Is there a data structure / library for working in memory olap / pivot tables in Java / Scala?

Hot issues

This question is quite appropriate, but he is 2 years old: In memory, the OLAP engine in Java

Background

I would like to create a pivot table similar to a matrix from a given table dataset in memory

eg. age by marital status (rows - age, columns - marital status).

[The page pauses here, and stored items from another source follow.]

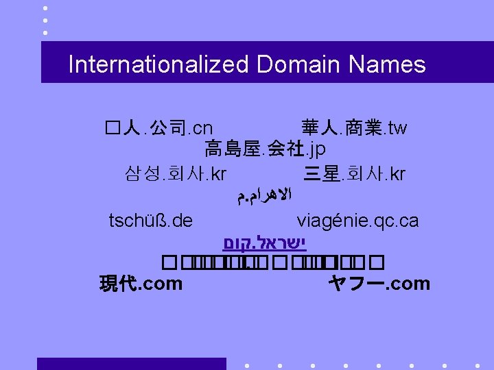 The New Standard - 1 Punycode <draft-ietf-idn-punycode-03. txt> • It uniquely and reversibly transforms a Unicode string into an LDH (Letter, Digit, Hyphen) string • ASCII Compatible Encoding (ACE) • Some compression to produce shorter string • Example: 新加坡 = xn--3 bs 3 aw 5 wpa 2 a
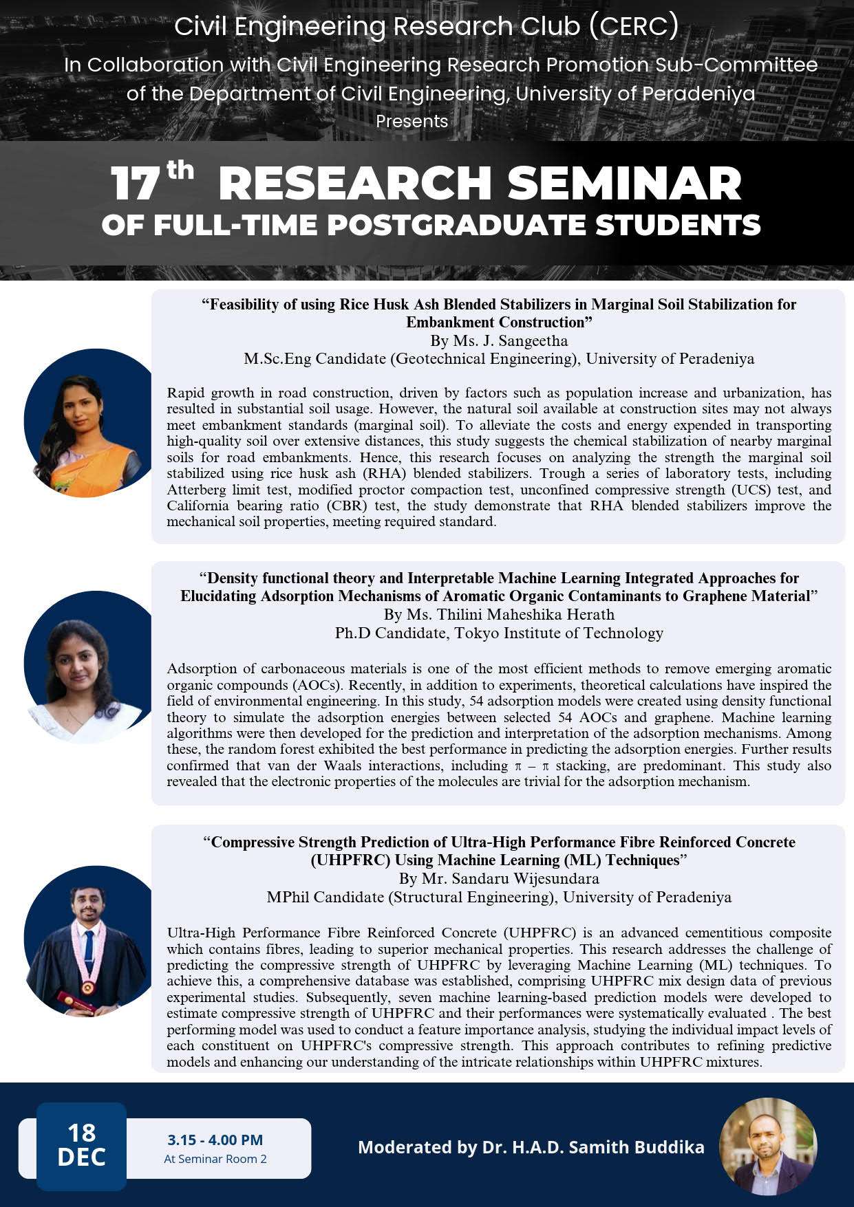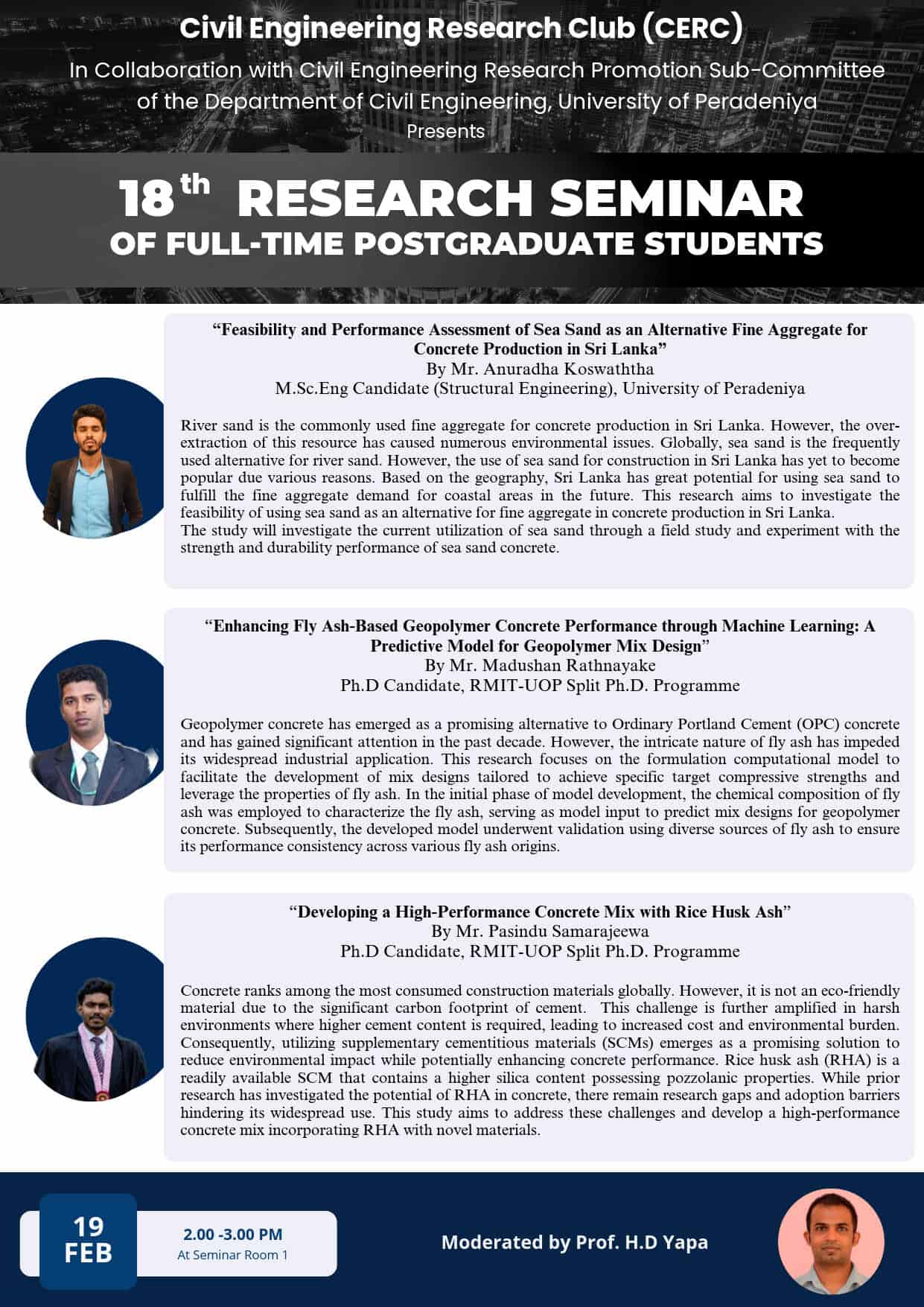 21st Research Seminar of Full-Time Postgraduate Students organized by Civil Engineering Research Club (CERC) in Collaboration with Civil Engineering Research Promotion Sub-Committee of the Department of Civil Engineering, University of Peradeniya was held on 02nd September 2024, from 2.00 p.m. to 3.00 …
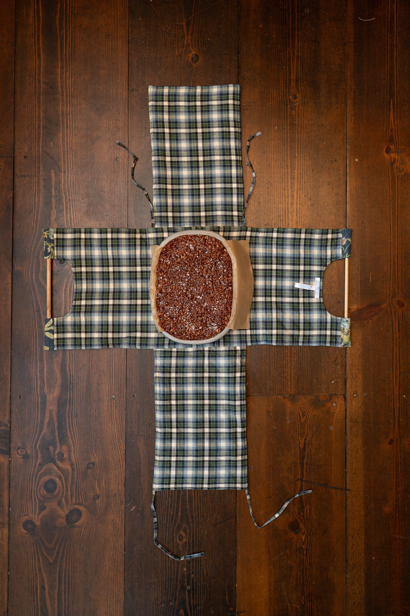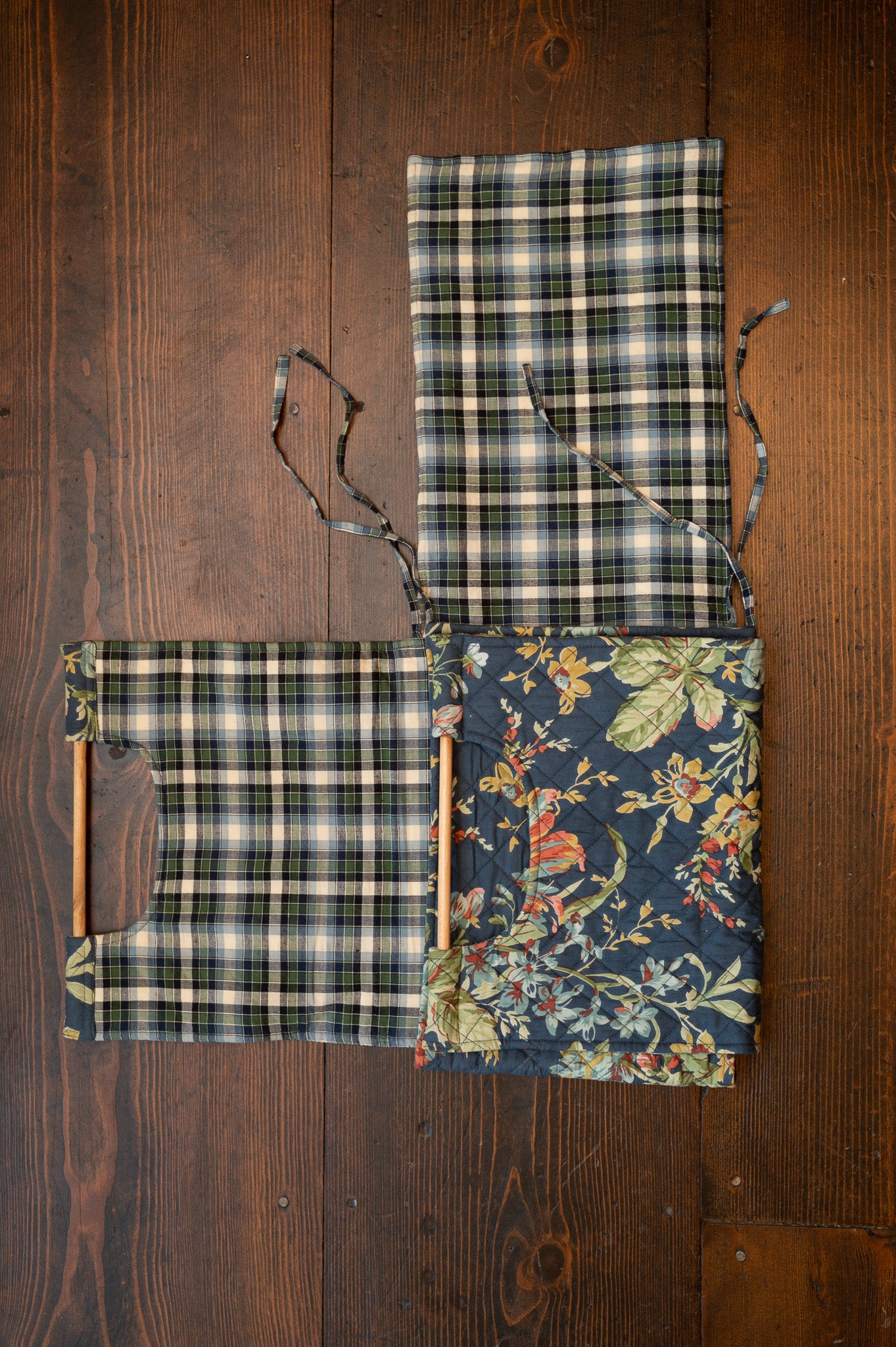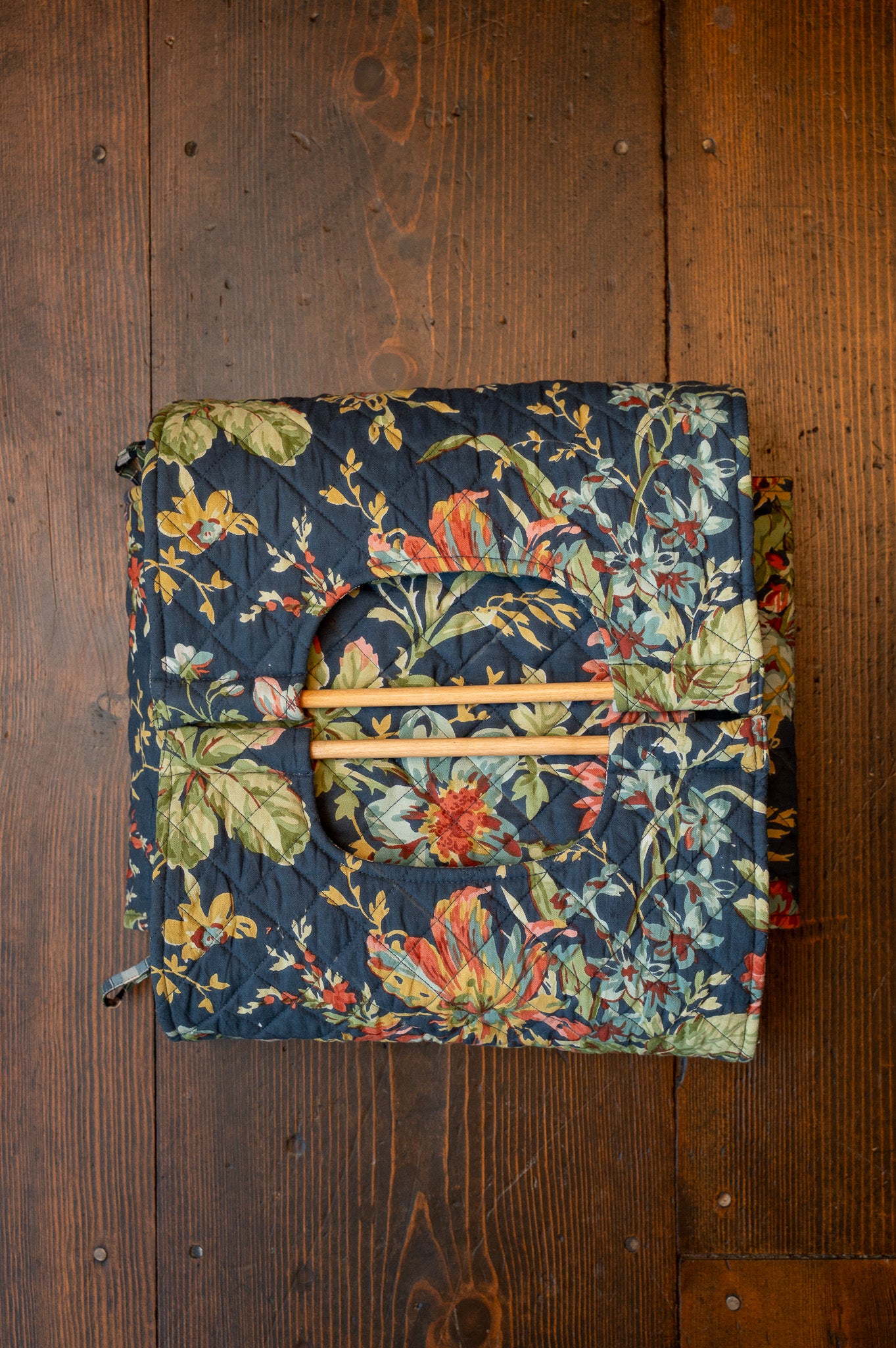 A marvelously clever and ultra-stylish way to transport a sizable dish, we bring you our NEW Eternal Rose Casserole Dish Carrier! Made from 100% hand-quilted cotton in a moody navy that's covered throughout in delicate, hand-painted florals with a charming plaid interior, this ingenious dish carrier boasts removable wooden handles to make bringing a hot dish to an event easy and elegant. The design is complete with 3 patch pockets for including a recipe card or a special note should you choose to leave this beautiful quilted carrier behind as a thoughtful hostess gift.

  • Entrance : a list of people with age and some Boolean property (e.g. married),

  • Desired result : the number of people by age (row) and isMarried (column)

What I tried (Scala)

case class Person(val age:Int, val isMarried:Boolean) ... val people:List[Person] = ... // val peopleByAge = people.groupBy(_.age) //only by age val peopleByMaritalStatus = people.groupBy(_.isMarried) //only by marital status 

I managed to do it naively, first grouping by age, then map , which performs count by marital status and displays the result, then I foldRight to aggregate

 TreeMap(peopleByAge.toSeq: _*).map(x => { val age = x._1 val rows = x._2 val numMarried = rows.count(_.isMarried()) val numNotMarried = rows.length - numMarried (age, numMarried, numNotMarried) }).foldRight(List[FinalResult]())(row,list) => { val cumMarried = row._2+ (if (list.isEmpty) 0 else list.last.cumMarried) val cumNotMarried = row._3 + (if (list.isEmpty) 0 else l.last.cumNotMarried) list :+ new FinalResult(row._1, row._2, row._3, cumMarried,cumNotMarried) }.reverse 

I do not like the code above, it is not efficient, it is difficult to read, and I am sure that there is a better way.

Question (s)

How do I group both? and how do I make a count for each subgroup, for example.

How many people are exactly 30 years old and married?

Another question is how I can execute the total to answer the question:

How many people over 30 are married?


Edit:

Thank you for your great answers.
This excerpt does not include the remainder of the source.